Assigning command line arguments to functions

Question

Lets say I wanted to open a function (it opens a file, does something with it, then spits out the results to a different file). Using argv and argc, and from going through all the tutorials online, I'm assuming that if i print argv[0] i get the file name. My question is how do i set lets say the next argv[1.2.n] to a function. So if the user were to type in open (after the user is in the program directory), it would open that function. Something like:

  void file();

...

  if (argv[1] == open){
            file();
         }

Answer 1

argv is of type char*[] (array of char* pointers). You cannot directly compare string constants (type char*), which you need to quote. Instead, I suggest you to convert it to a c++ string type:

#include <string>

void file(){   
     // ...
}

int main(int argc, char *argv[]) {
        if(argc>=2)
        {
                if(std::string(argv[1]) == "open")
                {
                        file();
                }

        }
        else
        {
                // print usage
        }
}

Answer 2

The first string in argv isn't the first command line argument, it's usually the path to the exe. I recommend putting the command line arguments in an easy data structure.
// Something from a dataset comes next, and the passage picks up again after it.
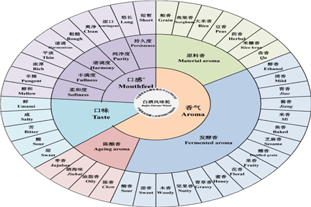 從2010年到2017年,中國食品院花費7年的時間制定中國白酒感官風(fēng)味輪標(biāo)準(zhǔn)。該標(biāo)準(zhǔn)借鑒了國際通用做法,將白酒風(fēng)味術(shù)語庫通過不同的形式表達(dá)出來。每個香型,甚至每個產(chǎn)品都有獨特的表達(dá)形式,涉及的內(nèi)容有香氣、口感等方面,更便于消費者理解。中國白酒感官風(fēng)味輪標(biāo)準(zhǔn)是今后白酒價值表達(dá)的大趨勢,未來每種細(xì)分香型都可能會有更加清晰、通俗的表達(dá)形式。

vector<string> args(argv, argv + argc);

Now you can pass the vector to your functions.

Answer 3

Pass parameters to your function:

void file(int * argc, char * * argv)
{
    //
}

int main(int argc, char * * argv)
{
  if (argv[1] == open)
  {
     file(argc, argv);
  }
  return 0;
}

Answer 4

It's not really clear what you're asking. If the goal is to call different functions depending on one of the arguments, the usual solution is to use a map of strings to pointers to functions, and then do something like:

MapType::const_iterator entry = map.find( argv[1] );
if ( entry == map.end() ) {
    std::cerr << "Unknown function " << argv[1] << std::endl;
    returnCode = 1;
} else {
    (*entry->second)();
}